Not only that, the wording places the context (plant competition) at the beginning of the sentence and the new information (CO2) right where a reader expects it—in the stress position at the end of the sentence (Gopen and Swan, 1990). Readers expect to be provided with old information (context) at the beginning of a sentence, which prepares them for the new information to be given at the end. In other words, save the payoff for last.

If we reverse this order, the new information appears before we know the context:

Plant response to future increases in atmospheric levels of CO2 may be limited by competition for sunlight and soil nutrients.

Many writers will see nothing wrong with this construction. True, there is nothing grammatically wrong, and most readers will understand what is meant. The problem is that the construction makes the reader work harder to parse out the context and the new information. Moreover, if you consistently structure your writing this way, the reader’s overall comprehension will be greatly reduced.

A final point is that this reverse construction is passive because the verb is acting on the subject: “Plant response…may be limited…“. In the other sentence, the action of the subject is expressed in the verb: “Competition…may limit..“; that is, active voice. There is nothing wrong with passive sentences, which are common in scientific writing; however, use of the active voice, at least occasionally, will bring your writing to life. For more insight into how structure affects comprehension of scientific writing, see Gopen and Swan 1990.

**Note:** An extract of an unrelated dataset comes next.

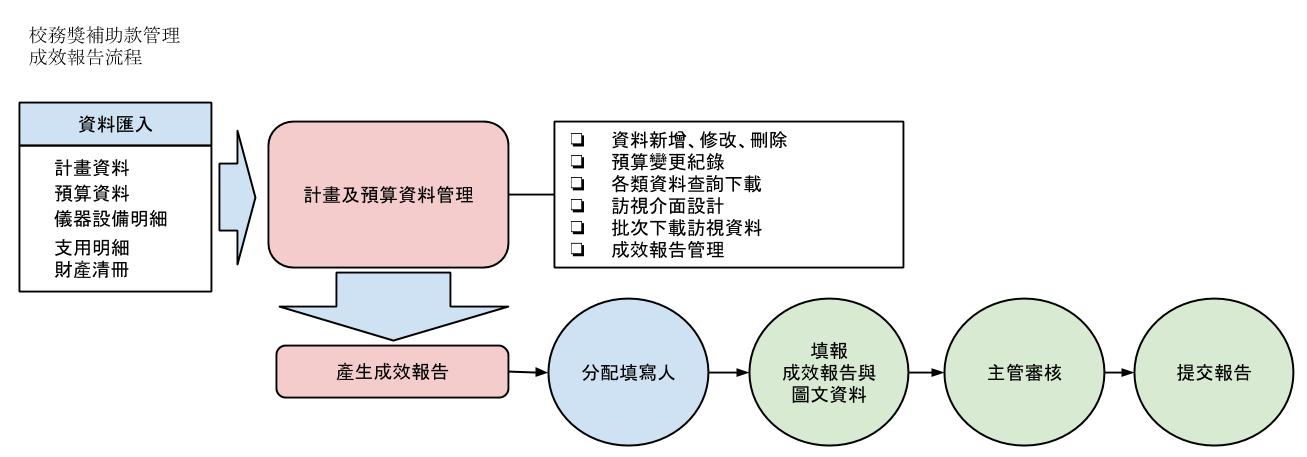 系統功能包含:帳號管理、單位管理、資料匯入功能、資料編輯管理、系統自動編號、管理表單下載、預算變更紀錄、資料查詢、成效報告管理、成效報告流程、成效填報進度管理、委員訪視用介面、訪視資料下載。

This distilling and sentence-crafting exercise can eventually lead to a better title for a paper: “Competition for soil nitrogen limits [insert species name] growth response to higher atmospheric CO2”. By distilling my message prior to writing a paper or preparing a talk, I also find that it is easier to organize my material to more effectively support my main finding(s) and to eliminate unnecessary data (or relegate it to a supplemental section). With this approach, I find that people understand me much better.

As I said at the beginning of this post, video-making has opened my eyes to ways I can improve my writing and speaking skills. Learning to distill my message has helped me write better journal articles…and blog posts!